▸ **AVAILABLE DATA**
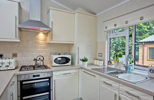 Forest Glade Lodge is a cosy yet spacious two bedroom lodge with its own private veranda. The master bedroom consists of a kingsize bed and has its own en-suite, as well as a twin bedroom and a separate bathroom. The well-equipped kitchen leads on to the dining area, along with a light and spacious living area with 55" TV. It is a perfect place to stay any time of year and a great option for couples or families. Beach 6½ miles. Shops 7½ miles, pub and restaurant ½ mile.
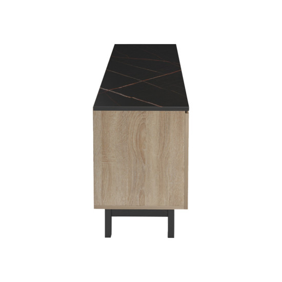 Kasandra pakoworld TV cabinet in black marble-sonoma shade 180x35x48.5cm
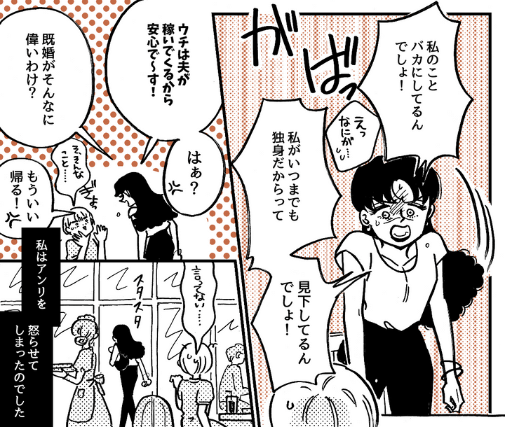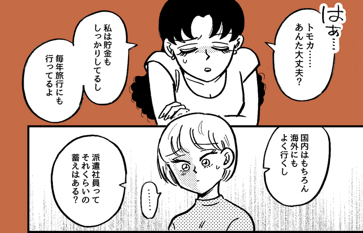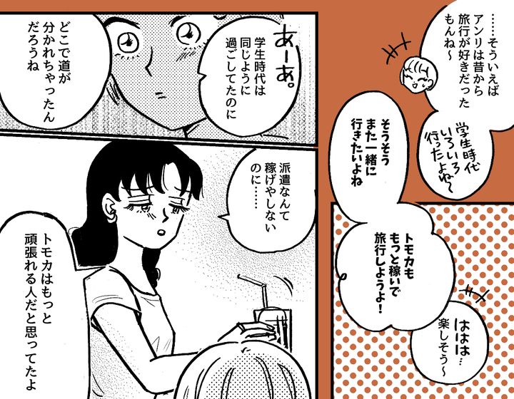 「もっと稼いでまた一緒に旅行しようよ〜! 学生時代は同じように過ごしてたのに、どこで道が分かれちゃったんだろうね。トモカはもっと頑張れる人だと思ってたよ。派遣なんて稼げないし……」と、言ってきたアンリに私もついに堪忍袋の緒が切れて……言ってはいけないひと言を言ってしまったのです。

▸ **TASK DESCRIPTION**
Restate all of the material word for word, leaving every picture out.

▸ **TASK ANSWER**
 Forest Glade Lodge is a cosy yet spacious two bedroom lodge with its own private veranda. The master bedroom consists of a kingsize bed and has its own en-suite, as well as a twin bedroom and a separate bathroom. The well-equipped kitchen leads on to the dining area, along with a light and spacious living area with 55" TV. It is a perfect place to stay any time of year and a great option for couples or families. Beach 6½ miles. Shops 7½ miles, pub and restaurant ½ mile.
 Kasandra pakoworld TV cabinet in black marble-sonoma shade 180x35x48.5cm
 「もっと稼いでまた一緒に旅行しようよ〜! 学生時代は同じように過ごしてたのに、どこで道が分かれちゃったんだろうね。トモカはもっと頑張れる人だと思ってたよ。派遣なんて稼げないし……」と、言ってきたアンリに私もついに堪忍袋の緒が切れて……言ってはいけないひと言を言ってしまったのです。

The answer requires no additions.